2003-09-10 Thread D. Stimits
D. Stimits wrote:

I'm using a Redhat version of PostgreSQL 7.2.3 with the C API. Mostly
things work right, but I need more debug output, as I have a query that
works fine from psql, but fails with the C API (perhaps this is because
I use PQescapeString). The only way to know there is an error is that
the insert never happens, and that the system log reports a parse error
at or near the first field of an insert. What I am wonder is (a) how to
use the tty= in the string passed to PQconnectdb, and (b) a reference
URL for what options are available in the options= part of the string
parameters accepted by PQconnectdb. So far all I end up with if I try to
name a file for tty= or a tty from /dev/ for tty= is a core dump.
D. Stimits

I found a partial answer to this...it seems to be a bug in 
PQescapeString().
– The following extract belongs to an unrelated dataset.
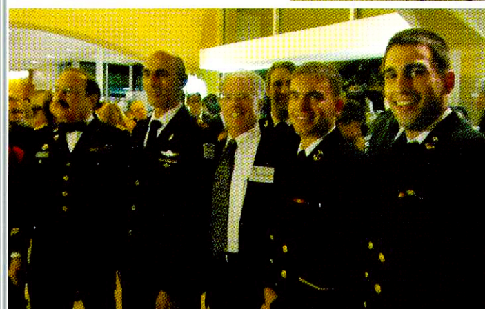
Friends of the Israel Defense Force Gala in Baltimore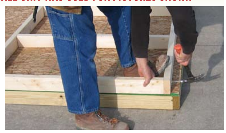
8. To create the interior wall, fasten the 2x4 studs with 3" nails, in between the 2x4 top & bottom plates

Turns out that if I do something with an insert using 
quotes for a varchar field, e.g.:
 INSERT INTO foo VALUES ('bar')

...then it escapes this to:
 INSERT INTO foo VALUES (''bar'')
It doesn't like the pair of single quotes.

But I also can't do this, due to requirements of SQL syntax:
 INSERT INTO foo VALUES (bar)
How can I use PQescapeString() with input I would like to make somewhat 
safer via escaping? How would I use PQescapeString() without writing my 
own replacement that works with inserts?